"I Feed Her to the Beast...." tells the story of Laure, a ballerina in the Paris ballet. Among her many entitled and vicious peers, Laure has had to fight to make a place for herself. She's emancipated from her family, she's had to steal to pay her way, she's a young Black woman in a predominantly white world, and she's got a LOT of anger. With the help of another ballerina, she ends up making a deal with a god that's leaking through a crack in the Paris catacombs. Cue her antihero origin story.
I've never read a book quite like this. There are most definitely a few nods to the Phantom of the Opera, but it's not really a retelling. There's a fair bit of true body horror in this, but the most luscious, violent language is reserved for the descriptions of the ballet itself. The scenes are vivid, but the prose itself is dreamy (or rather, nightmarish but with dream logic) as we follow Laure's logic. The story works a bit like a ballet performance, too, in that there's often little connective tissue between scenes, and a warped sense of time as the story unfolds.
Don't expect any heroes on this story. In that sense, it reminded me a bit of Dowery of Blood. Laure's logic makes sense in the context of how people treat her, and there's a lot of social commentary in here that's very carefully worded.

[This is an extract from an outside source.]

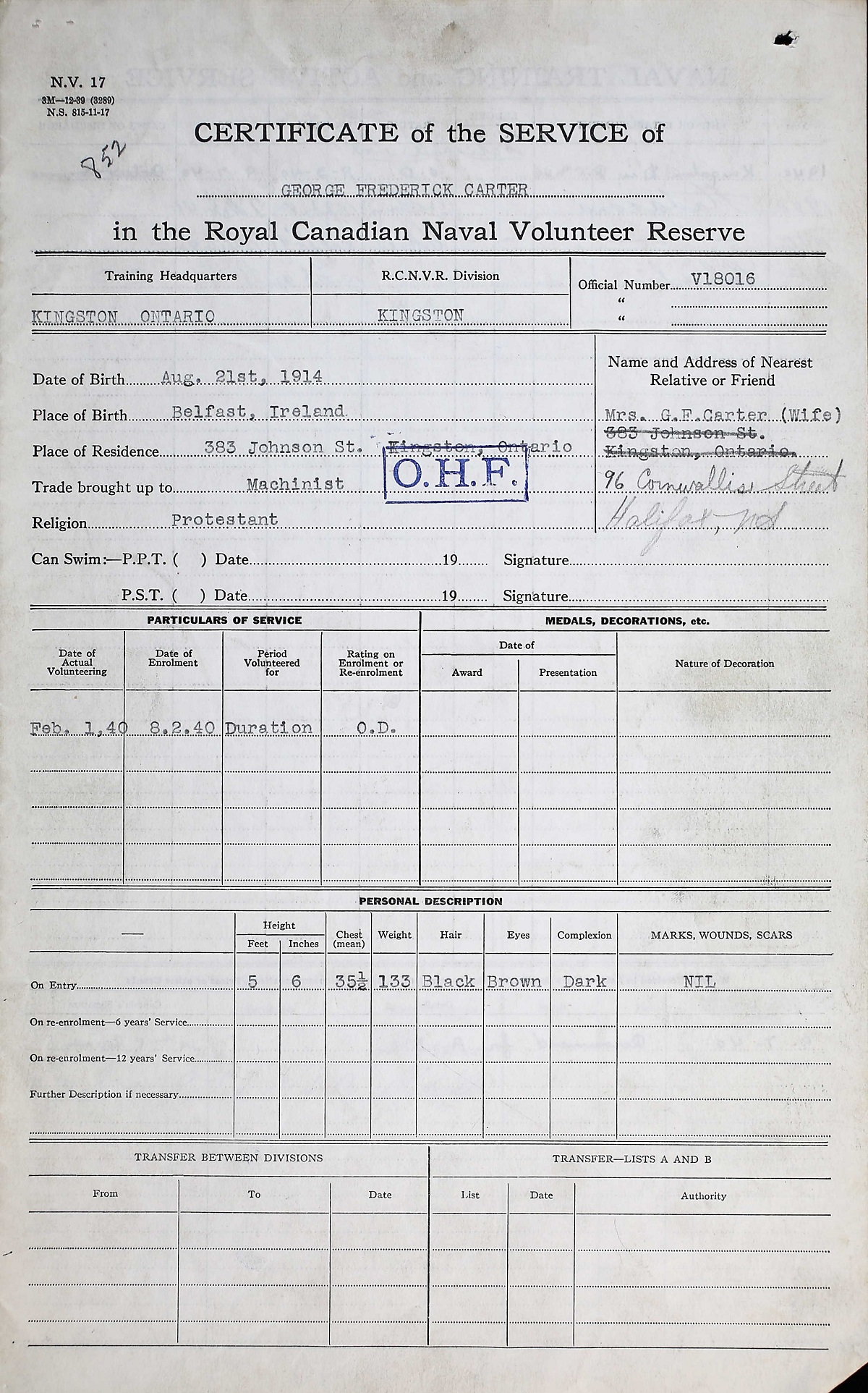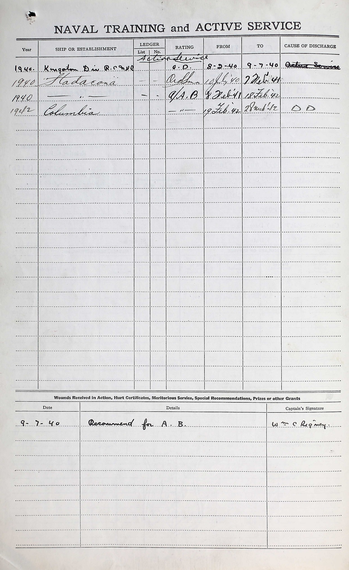 Ships served in: KINGSTON DIVISION RCNVR - Enlisted 08 Feb 1940. Commenced Active Service 08 Feb 1940 HMCS COLUMBIA - Drafted to COLUMBIA 19 Feb 1942 as an A/AB, RCNVR

There were a number of times when I had to go back a page or two and reread passages to see if I'd missed something, because the slightly disjointed nature of the story made it hard for me to fully immerse myself in the narrative. That read like a deliberate choice on Shea's part, but it didn't always work for me. The prose isn't exactly purple, but it's a far cry from what I'd call 'commercial prose'---Shea luxuriates in language and puts the way dancer's bodies are viewed under a microscope. A couple of the fantastical elements of story left me lukewarm, but Laure's arc and voice, the descriptions of the ballet, and the overall commentary on human nature were gorgeous and twisted. That cover *swoon* is spot-on. Beautiful.
I was able to read this book as an ARC, and I wish Jamison Shae all the best with this gorgeous debut novel. I'm not clear if they intend for this to be the start of a series, but either way, I look forward to whatever they write next!